• **THE TASK**: Omit every picture. Return all other data as it stands.

• **DATASET EXTRACT**:
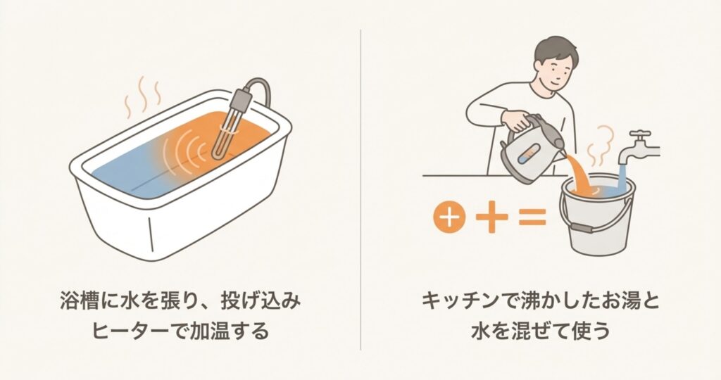 一番おすすめなのは、お風呂に水を張ってから投入型の電気ヒーターで温める方法ですね。
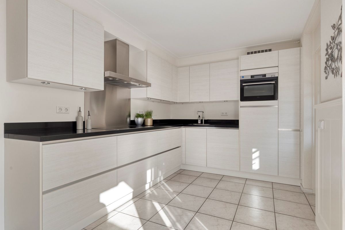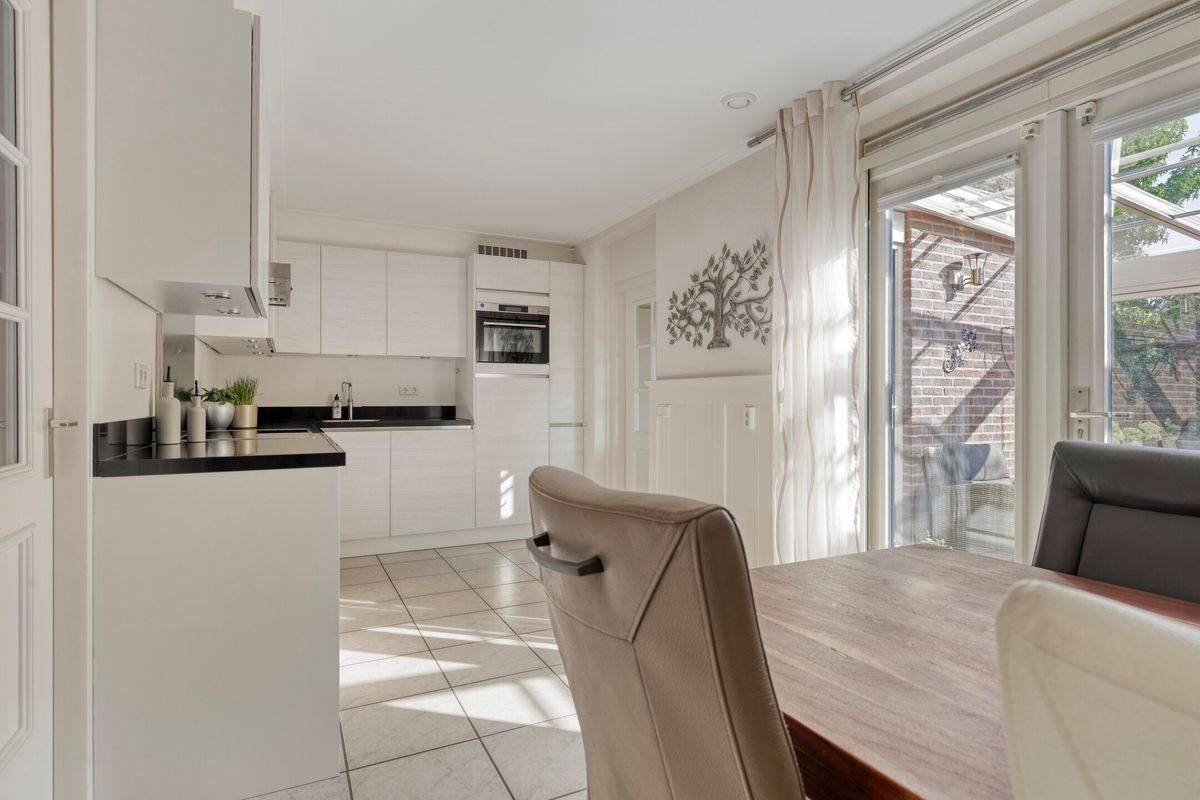 Aan de achterzijde van de woning bevindt zich een gesloten keukenruimte, uitgerust met een moderne keuken (hoekopstelling, 2014) voorzien van diverse inbouwapparatuur, waaronder:
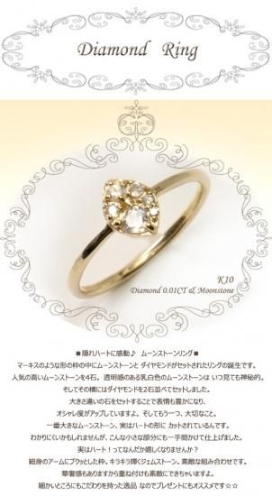 K10・ダイヤモンド0.01ct&ムーンストーン ハートインアーモンドリング

• **WRITTEN ANSWER**:
 一番おすすめなのは、お風呂に水を張ってから投入型の電気ヒーターで温める方法ですね。
 Aan de achterzijde van de woning bevindt zich een gesloten keukenruimte, uitgerust met een moderne keuken (hoekopstelling, 2014) voorzien van diverse inbouwapparatuur, waaronder:
 K10・ダイヤモンド0.01ct&ムーンストーン ハートインアーモンドリング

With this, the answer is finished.